Additional gulp tasks are defined in the gulpfile.

Note that an internet connection is required to run this build, in order to download build dependencies.

Open MCT uses Jasmine 1.3 and Karma for automated testing.

The test suite is configured to load any scripts ending with Spec.js found in the src hierarchy. Full configuration details are found in karma.conf.js. By convention, unit test scripts should be located alongside the units that they test; for example, src/foo/Bar.js would be tested by src/foo/BarSpec.js. (For legacy reasons, some existing tests may be located in separate test folders near the units they test, but the naming convention is otherwise the same.)

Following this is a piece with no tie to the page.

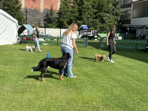 Ihr lauft gemeinsam einen Parcours mit Schildern, auf denen kleine Aufgaben stehen – Sitz, Platz, Wendungen, Kombinationen. Alles in Bewegung, alles im Team. Hier zählen Freude, Kommunikation und Zusammenarbeit – Perfektion kommt später.

Tests are written as AMD modules which depend (at minimum) upon the unit under test. For example, src/foo/BarSpec.js could look like:

/*global define,Promise,describe,it,expect,beforeEach*/

define(
    ["./Bar"],
    function (Bar) {
        "use strict";

        describe("Bar", function () {
            it("does something", function () {
                var bar = new Bar();
                expect(controller.baz()).toEqual("foo");
            });
        });
    }
);

In addition to running tests, the test runner will also capture code coverage information using Blanket.JS and display this at the bottom of the screen. Currently, only statement coverage is displayed.

Open MCT is built to be flexible in terms of the deployment strategies it supports. In order to run in the browser, Open MCT needs:

1. HTTP access to sources/resources for the framework, platform, and all active bundles.
2. Access to any external services utilized by active bundles. (This means that external services need to support HTTP or some other web-accessible interface, like WebSockets.)

Any HTTP server capable of serving flat files is sufficient for the first point. The command-line build also packages Open MCT into a .war file for easier deployment on containers such as Apache Tomcat.

The second point may be less flexible, as it depends upon the specific services to be utilized by Open MCT. Because of this, it is often the set of external services (and the manner in which they are exposed) that determine how to deploy Open MCT.

One important constraint to consider in this context is the browser's same origin policy. If external services are not on the same apparent host and port as the client (from the perspective of the browser) then access may be disallowed. There are two workarounds if this occurs:

• Make the external service appear to be on the same host/port, either by actually deploying it there, or by proxying requests to it.
• Enable CORS (cross-origin resource sharing) on the external service. This is only possible if the external service can be configured to support CORS. Care should be exercised if choosing this option to ensure that the chosen configuration does not create a security vulnerability.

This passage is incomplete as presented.